Channing and her defining role
“Hello, Dolly!” starring Carol Channing opened in 1964 and ran for 2,844 performances, becoming Broadway’s longest-running musical at the time.
When Channing reprised the Dolly Levi role in a touring version that played the Broward Center for the Performing Arts in Fort Lauderdale in 1994, she realized how the character provided a life-long lesson for the actress.
“None of us knows while we’re learning. When I think I’m learning, I’m not learning anything,” Channing told the Miami Herald at the time. “But when I pick up that ‘Hello, Dolly!’ script after 12 years and look it over, I realize: My God! That’s why she says that line. That’s why he says that to her. ... I realize I must have grown and didn’t know it. Or she marinated. ... I guess in my subconscious I was always thinking about her.”
Channing, who died at 97 in January, once said of Herman: “When they passed out talent, Jerry stood in line twice,” CNN reported.
“Mame” followed “Dolly!” in 1966, starring Angela Lansbury, and went on to run for over 1,500 performances. She handed Herman his Special Tony Award for Lifetime Achievement in 2009, saying he created songs like him: “bouncy, buoyant and optimistic.”
In 1983 he had another hit with “La Cage aux Folles,” a sweetly radical musical of its age, decades before the fight for marriage equality. It was a lavish adaptation of the successful French film about two gay men who own a splashy, drag nightclub on the Riviera. It contained the gay anthem “I Am What I Am” and ran for some 1,760 performances.
Living as an out gay man
George Hearn’s opening night performance of “I Am What I Am” on its Boston run in 1983 provided Herman with one of his most revelatory moments in a theater. Herman was in the audience when Hearn sang the anthem, he told the Miami Herald in 1998. The experience was overwhelming.
“I just about fell apart,” Herman said. “I’ve never been so moved.”

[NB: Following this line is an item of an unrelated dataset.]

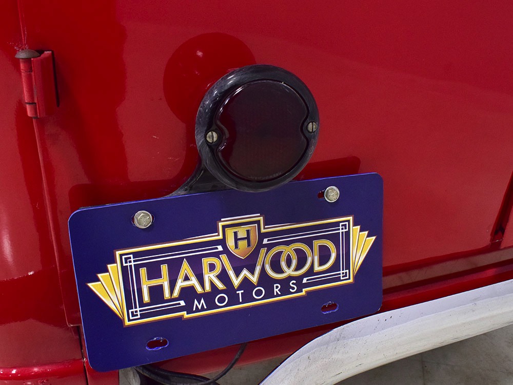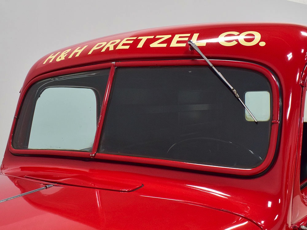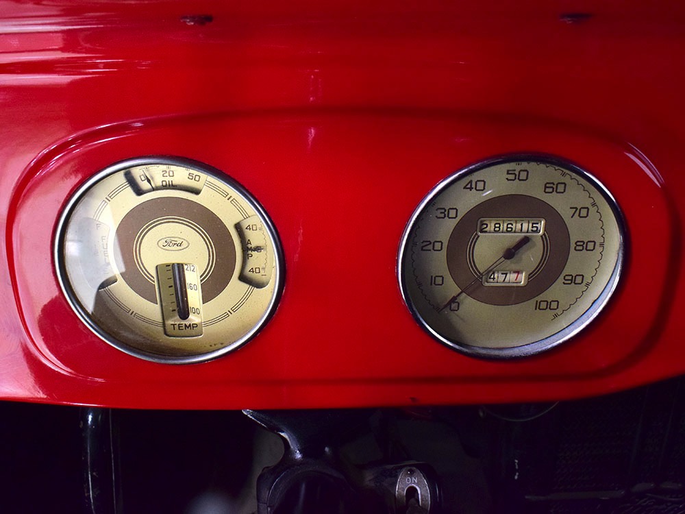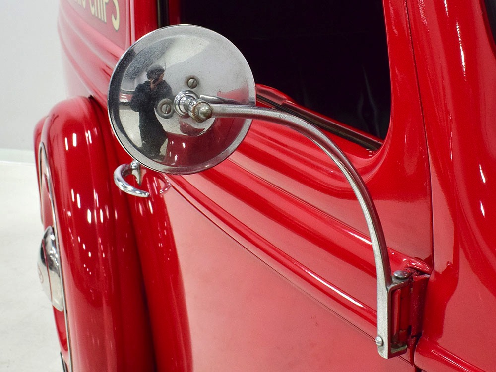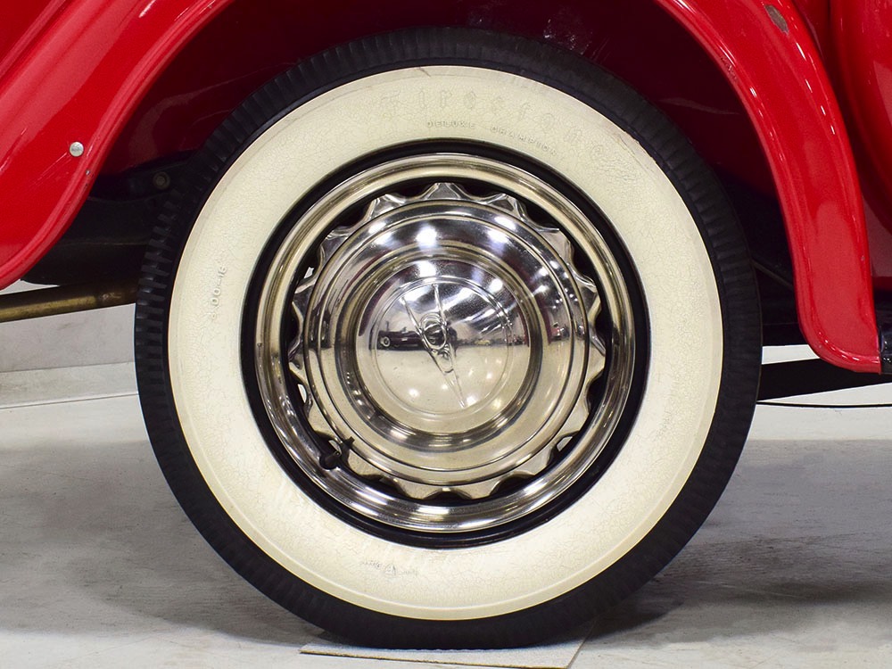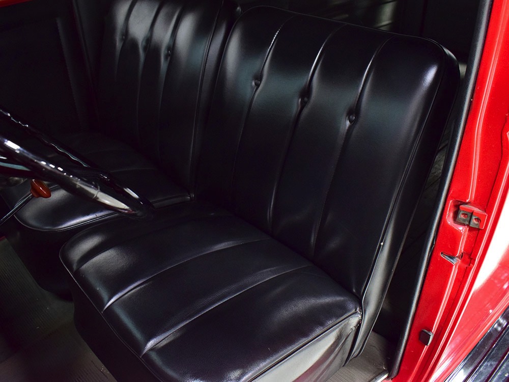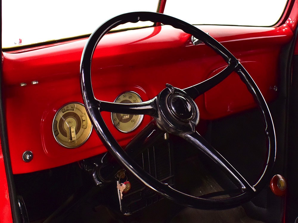 Although panel trucks were the workhorses of the ‘30s, Ford only built about 7800 panel deliveries like this bright red truck. The 1937 trucks were heavily redesigned with a new grille, bumpers, and hood to further distinguish them from their automotive siblings, although they maintain many car-like features. The proportions are excellent, showing that an artist was at work in the redesign, not just an engineer interested in maximizing practicality. The big barrel-shaped grill still echoes Ford design, as do the headlights and twin horns, but it’s more substantial and fits the bigger delivery bodywork. Beautiful details include the ornate body moldings and built-in side-mounted spare tire with a matching metal cover—nice! The bright red livery with hand-painted lettering is how it has looked from Day One, and while Henry Ford himself didn’t much care for red paint, it sure looks good here! We believe the mileage of 28,615 is authentic (it was only doing local deliveries, after all) and as a result the body never really had much of a chance to get rusty or banged up. We do have extensive restoration photos, but none show any serious metal work or body rot, so it feels surprisingly tight and solid even today. Sure, there are signs of use and age after 25 years of show duty, but it still presents extremely well and we find it almost irresistible sitting here in the showroom. Add in a few chrome details, including the optional rear bumper, add some sparkle and we love the Ford Blue ’85’ emblems (representing 85 horsepower) on the hood and the single industrial-style rear taillight, and you get one of the prettiest commercial vehicles we’ve seen in a long time.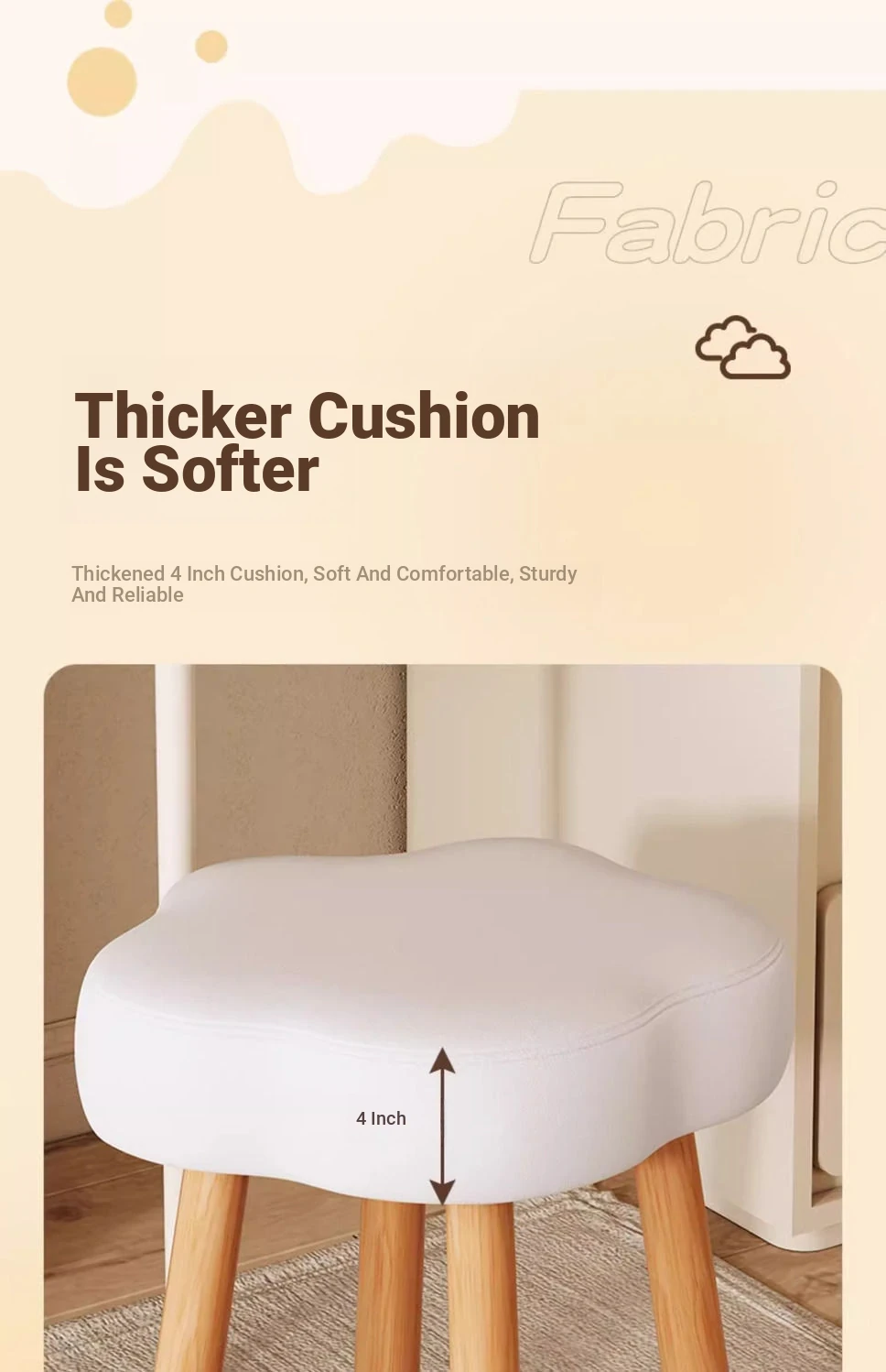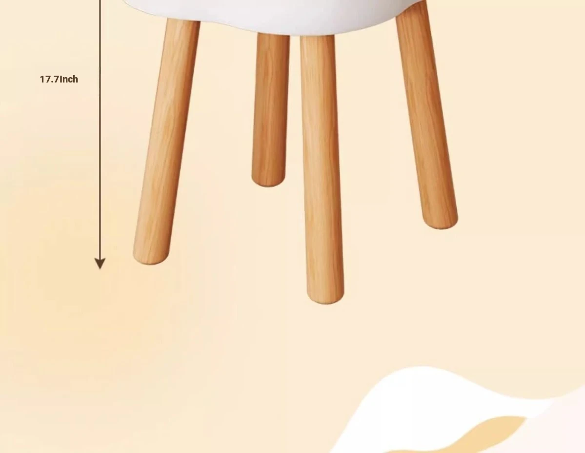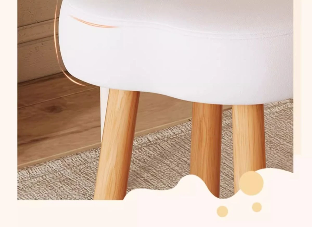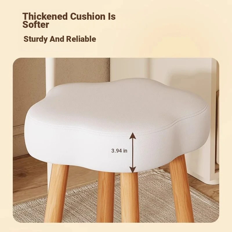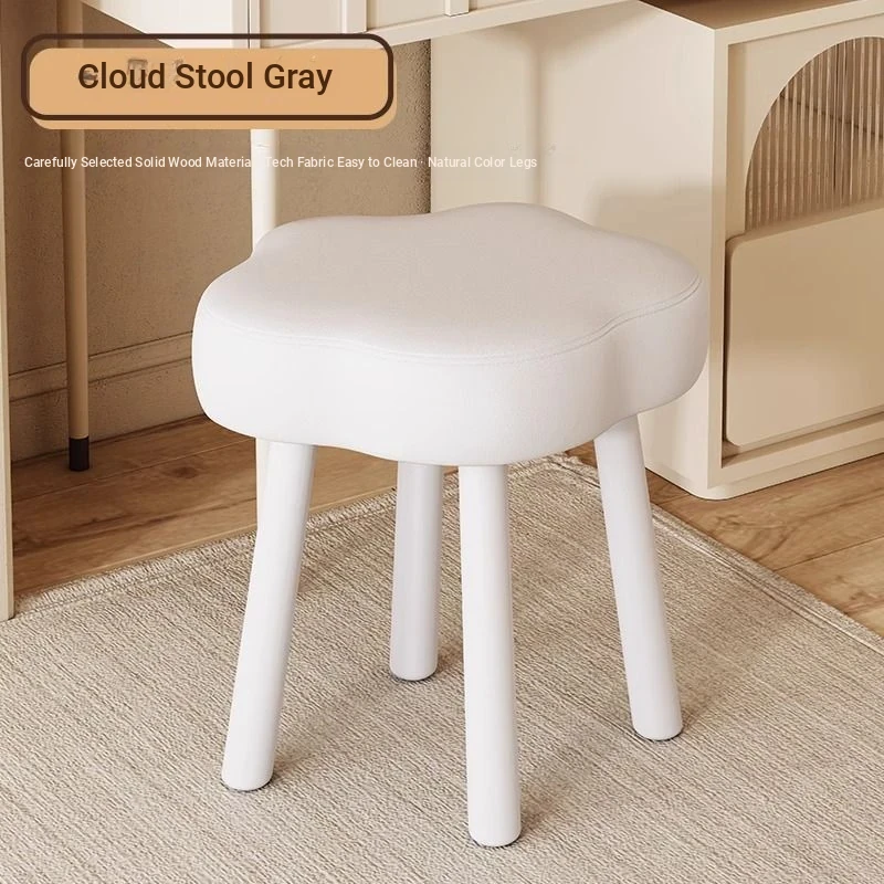 Creamy Makeup Vanity Stool – Elegant Cloud Chair for Girls’ Bedrooms, Simple Solid Wood Design, Perfect for Nail Art, Adds a Touch of Luxury to Your Space

Writing the song “was easy” given he spent his entire adult life in the musical theater as an out gay man, he told the Herald
“I came to openings with a man on my arm, and I never hid who I am,” Herman said. “I find people surprised at my openness. ... But who would want to live with a veil on? Or handcuffs?”
Brooklyn-based transgender and HIV activist Tasha Headrick tweeted on Friday that the gifts Herman left behind for others to cherish will never be forgotten.
Leonidas Bachas, dean of the University of Miami’s College of Arts and Sciences, said of Herman: “His profound contribution to the world of Broadway and musical theater illustrates his remarkable gift in creating narrative through the art of songwriting. He will live on as a major visionary and inspirational source for our talented students in the Department of Theatre Arts.”
Michael Bush, artistic director of the Jerry Herman Ring Theatre, said Herman’s contributions to American Musical Theater are profound.
“His songs were light personified. Melodic and positive, they glorified the best human instincts in all of us,” said Bush. “Unabashedly sentimental, he believed that life was to be celebrated. Even in a dark and troubled world, his work, to quote one of his songs from ‘La Cage aux Folles,’ insisted that the best of times is now.”
Bridging the generations
“Put on Your Sunday Clothes” and “It Only Takes a Moment,” two of Herman’s classics from “Hello, Dolly!,” reached a new generation when they were prominently featured in Walt Disney/Pixar’s computer-animated children’s hit movie, “WALL-E” in 2008. At the same time, many of his cast albums were released on digital download platforms.
The modernity delighted the composer, Herman told the Miami Herald in 2008.
“Isn’t that exciting? The best thing that can happen to someone like me is to know his work will go on.”
Herman’s survivors include his partner, Terry Marler, his goddaughter Jane Dorian and her daughter, Sarah Haspel. Plans for a memorial service are still in the works.
This story was supplemented by material from the Associated Press.